Biobank samples as part of cancer prevention

One in two hundred Finns carries one of the high-risk mutations BRCA1, BRCA2 and PALB2 breast cancer genes. People are often unaware of their risk. These mutations that predispose to breast cancer cause the disease in women at a younger age than average and even before the age when regular screening starts. Carriers of the BRCA1 or BRCA2 mutation have a 70% risk of developing breast cancer by the age of 80. Cancer mutations of the BRCA1, BRCA2 and PALB2 genes are hereditary.
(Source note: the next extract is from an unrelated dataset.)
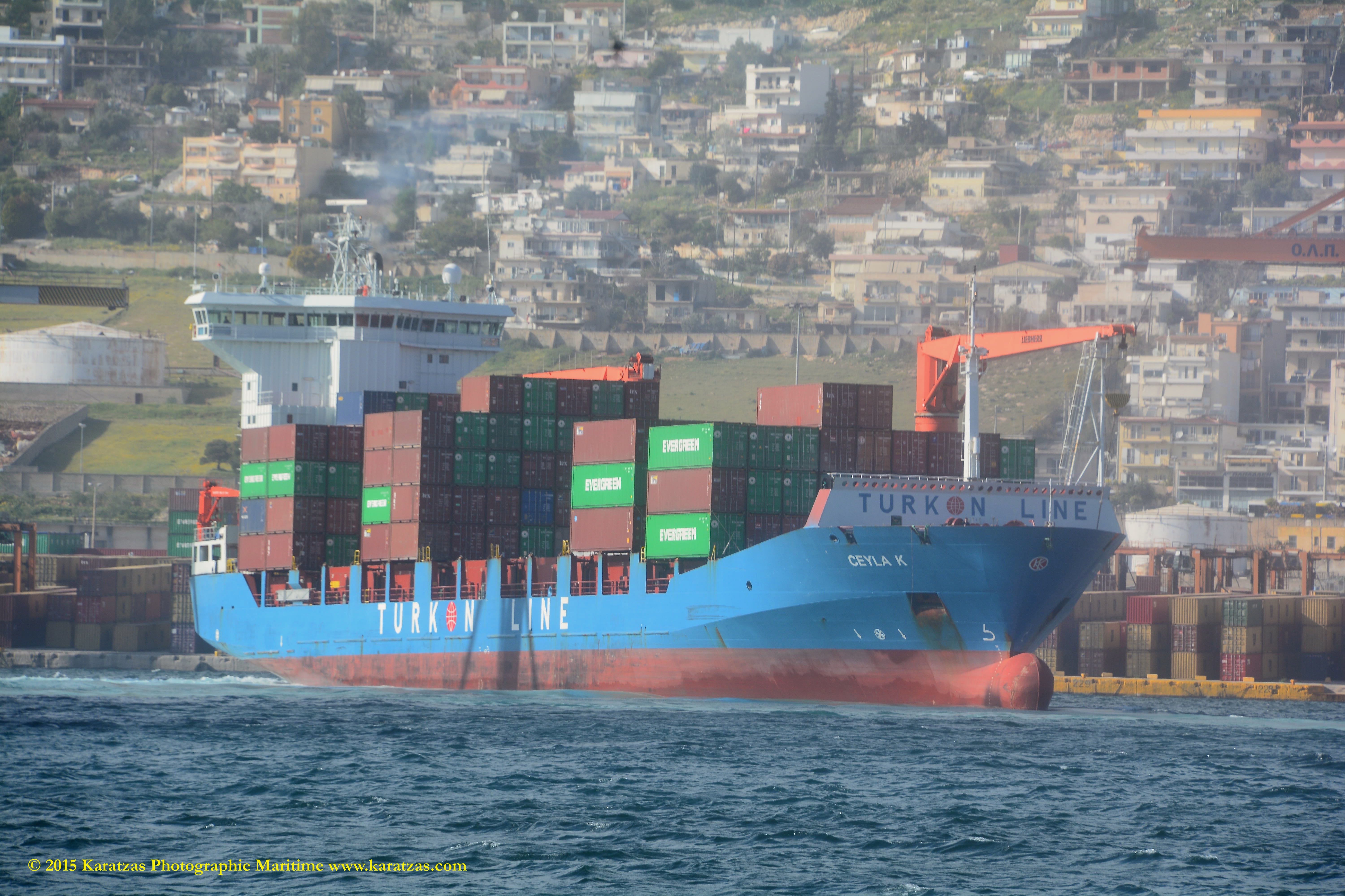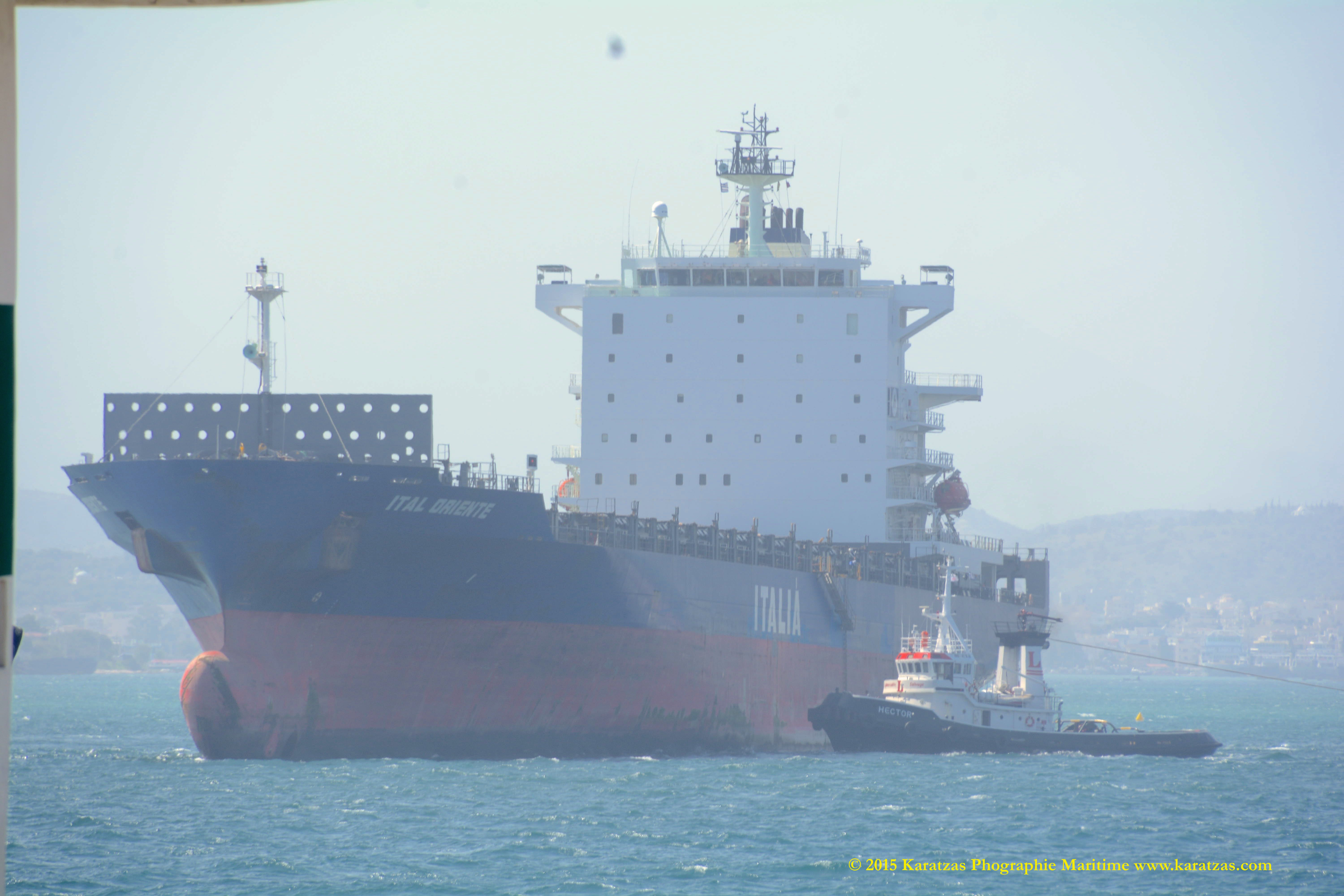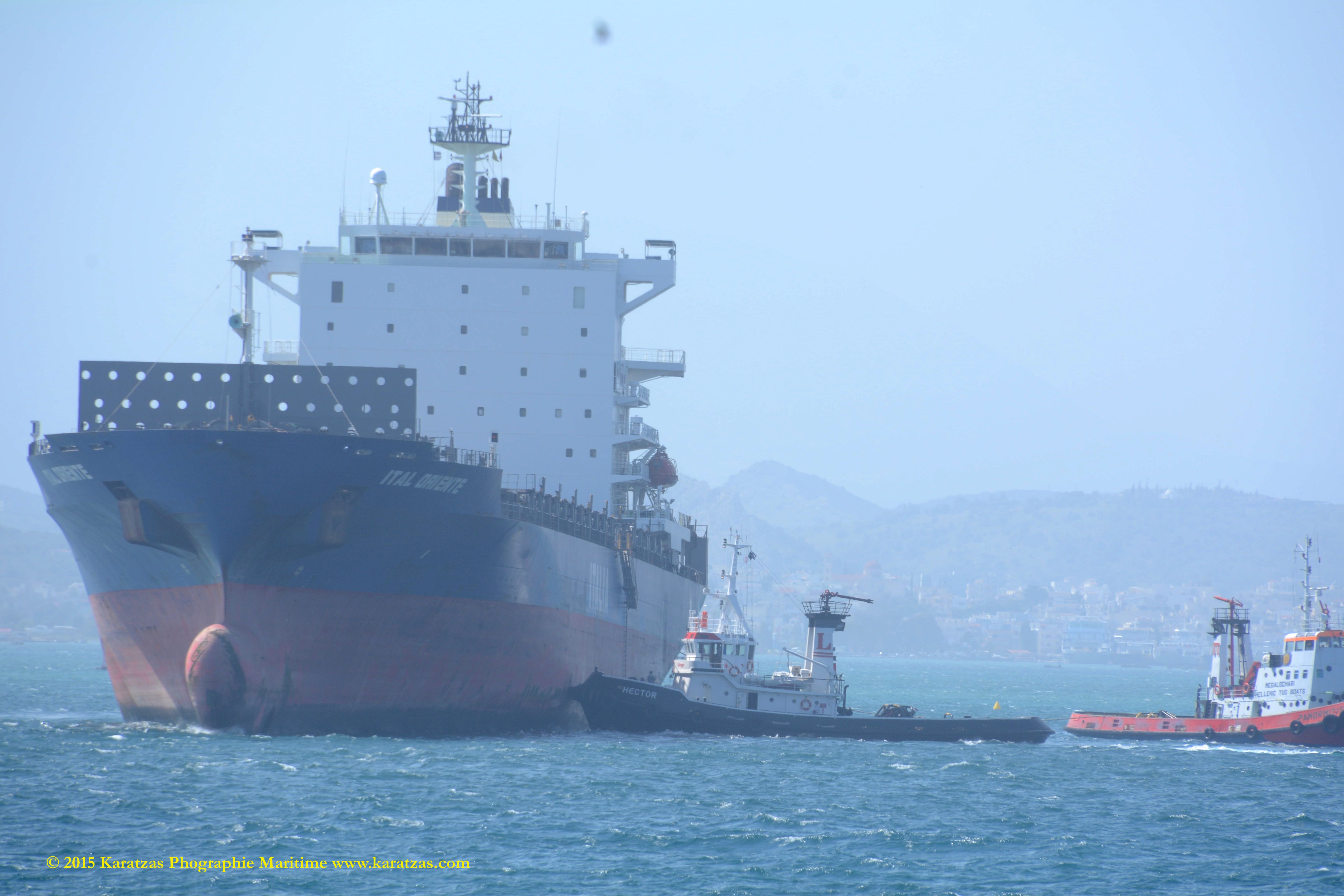 Built at Hyundai Mipo in 2007, ca 2,800-teu gearless containership MV ‘ITAL ORIENTE’ (owned by Hartmann Schiffahrts G.m.b.H. & Co. K.G., and operated by Italia Marittima SpA.) departing Port of Piraeus in April 2015. Karatzas Photographie Maritime.

The identification of the susceptibility to breast cancer is based on biobank samples

The identification and care pathway developed at HUS for carriers of the high-risk gene for susceptibility to breast cancer is based on biobank samples.

A biobank sample will be collected and stored in the biobank from the volunteers who provide their consent for a biobank sample. The most common type of sample is a blood sample, but other sample types, such as urine and tissue samples, are also collected. These samples will be used for various medical research studies, some of which are related to the causality of genetics and diseases. The genome data analyzed from the sample will be returned to the biobank.

If a mutation that poses a significant risk of cancer is detected from the returned data, the matter will be transferred from the biobank to the healthcare provider and the HUS physician or nurse will contact the provider of the biobank sample. If they wish, these individuals will receive enhanced screening and, if necessary, preventive measures will be performed, such as breast removal, i.e., mastectomy. The next of kin can also be tested at their discretion.

Biobank samples and data analyzed from them

• The carriers of the three susceptibility mutations for breast cancer can be identified already before the cancer has developed.
• More information about cancer is available.
• The drug therapy and its dosage will be specified.

A care pathway developed at HUS when a gene predisposing to breast cancer is found

• Biobank samples provide information identifying genes that significantly predispose to breast cancer.
• The person carrying the susceptibility mutation is contacted, if they have given their permission.
• Individual enhanced prevention of breast cancer.

More than a 100 high-risk individuals carrying the breast cancer gene mutation were identified in the pilot project

Currently at the Helsinki Biobank genome data generated in biobank studies have been returned for 80,000 patients. In the pilot project now implemented and funded by the Ministry of Social Affairs and Health, more than a 100 people have been identified from among the biobank sample donors so far who carry a high-risk breast cancer gene mutation.

The ongoing research project involves three genes: BRCA1, BRCA2, PALB2 with risk variants significantly increasing the risk of breast, ovarian and prostate cancer. The goal is to determine the suitability of genomic data returned from the biobank studies for screening and the usefulness of the data in clinical practice.

There are clear guidelines in place at healthcare services, if a risk variant is found in a biobank sample

As a result of the project, there are already clear guidelines on how to act in healthcare if any of these risk variants are found in a patient’s or their relative’s sample as a result of a biobank study.

As part of the study, the sample donors will also be asked whether they want to receive information relevant to their health. The study will also produce practical experiences on the returning of information and on providing guidance. Based on the current results, the receipt of the study has been solely positive. In addition, a cost-effectiveness analysis is ongoing.

Participants in the study include HUS Comprehensive Cancer Center, HUS Diagnostic Center, and Helsinki Biobank.